If you are new to Windows development, then you haven’t yet been briefed on the following sometimes conflicting, sometimes complementary database interaction tools:
When you look at this list, you might think, “Wow, that’s great. There are so many options to choose from.” You would be foolish to think this. This list isn’t great; it’s terrible. Imagine, just for a moment, that we weren’t talking about database interfaces, but about other, more practical issues. What if you had to replace the engine in your car every two years? What if the steering column had to be replaced annually? What if you had to replace the oil every 3,500 miles or three months, whichever came first? Could you imagine life in such a world?
Whenever Microsoft introduced a new database object technology into the mix, it was quickly followed by a flurry of reprogramming to bring older “legacy” Visual Basic (and other) applications up to the latest database technology. This wasn’t always possible, as time and budget constraints kept organizations on older platforms. I still maintain a quarter-million-line application that uses DAO, a somewhat older technology. Although it will be converted to .NET someday, the cost to move it from DAO to the more flexible ADO platform was prohibitive.
So far, it seems that ADO.NET (ActiveX Data Objects for .NET) is different. It’s been out for about six years (as of this writing), and Microsoft hasn’t yet teased programmers with a replacement. ADO.NET is quite flexible, and that flexibility will hopefully allow it to stretch itself over new advances in technology for the foreseeable future.
If you are familiar with the ADO technology, then prepare to forget it. ADO.NET is not the natural successor to ADO. It’s a completely new technology that is unrelated to ADO, and although it shares some terminology with ADO and other older tools, ADO.NET only does this to play with your mind.
ADO.NET is a set of classes, included with the .NET Framework, that represents the primary method by which .NET applications interact with relational databases and other open and proprietary data management systems. But it’s not just for interaction; ADO.NET is, in reality, a partial in-memory relational database all by itself. You can create tables and relationships (joins) with ADO.NET objects, add and remove records, query tables based on selection criteria, and do other simple tasks that are typical of stand-alone relational database systems.

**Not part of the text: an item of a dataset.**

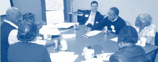
Distribution Partners and Board Members participate in Strategic Planning session

SC4K has a long standing partnership with the Cleveland Browns. The Cleveland Browns have been the title sponsor of SC4K's back-to-school campaign for the past three years.
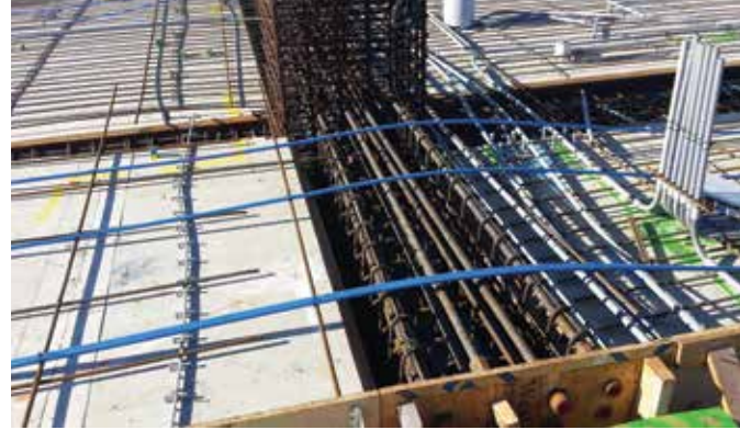
PT beam/column picture during construction.

All classes included with ADO.NET appear in the System.Data namespace; other subordinate namespaces provide derived classes geared toward specific database platforms. For instance, the System.Data.SqlClient namespace targets SQL Server databases, while System.Data.OracleClient focuses on Oracle RDBMS systems. Other database providers can develop streamlined implementations of the various ADO.NET classes for use with their own systems, and supply them as a separate namespace.

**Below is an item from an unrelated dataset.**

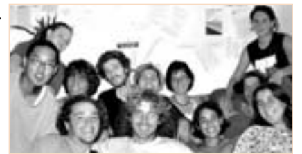
Berkeley Worms Cooperative Group

BW can be contacted at 510.643.0440 and compost@ocf.berkeley.edu , their website is www.ocf.berkeley.edu/~compost .

ADO.NET implements a disconnected data experience. In traditional database programming, especially in desktop applications, the connection between an application and its database was fixed and long-term. When the program started up, the connection started up. When the program exited many hours later, the connection finally ended. But in a world of massively scalable web sites, keeping a database connected for hours on end is wasteful and often impossible.

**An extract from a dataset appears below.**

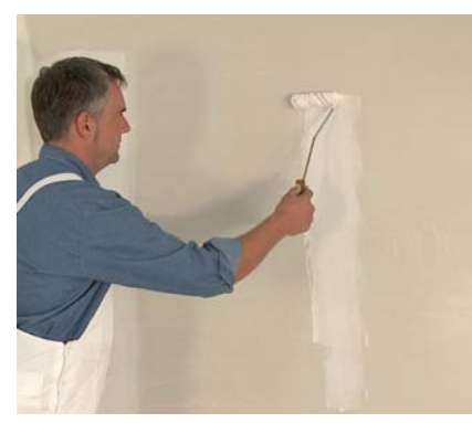
Prime substrates with Knauf Sperrgrund Block & Bond.

ADO.NET encourages you to open data connections just long enough to get the data that fulfills your immediate needs. Once you have the data, you drop the connection until the next time you need to retrieve, insert, or update database content. If you issue the following SQL statement:
SELECT * FROM Customer WHERE BalanceDue > 0
you have a choice of (1) scanning through all the records once in a quick and simple manner; and (2) loading the data into an in-memory table-like object, closing the connection, and working with the loaded records as if they were the original. If you use the first method, you can take your sweet time waltzing through the records, taking many minutes to process each one. But this type of selfish behavior is frowned upon by ADO.NET. The goal is to get in and get out as quickly as you can.
Because of the disconnected nature of ADO.NET, some techniques common in database applications need to change. For instance, the long-term locking of database records during a user modification (“pessimistic concurrency”) is difficult to accomplish in ADO.NET’s disconnected environment. You will have to use other methods, such as transactions or atomic stored procedure features, to accomplish the same goals.
ADO.NET divides its world into two hemispheres: providers and the DataSet. Imagine your kitchen as the world of ADO.NET, with your refrigerator representing the provider, and the oven/stove as the DataSet. The provider “provides” access to some content, such as food, or an Oracle database (which normally appears in the meat-and-cheese drawer). It’s a long-term storage facility, and content that goes in there usually stays in there for quite a while. If something is removed, it’s because it is no longer valid, or has become corrupted.
To use your oven, you select content from the long-term storage of the refrigerator, update it by mixing, heating, and rearranging the content, and eventually return it to the refrigerator where it will again sit in storage. This analogy isn’t perfect; in fact, something just doesn’t smell right about it. But it conveys the basic idea: Providers give you access to stored data, some of which can be moved into and processed through an application and its DataSet on a short-term basis.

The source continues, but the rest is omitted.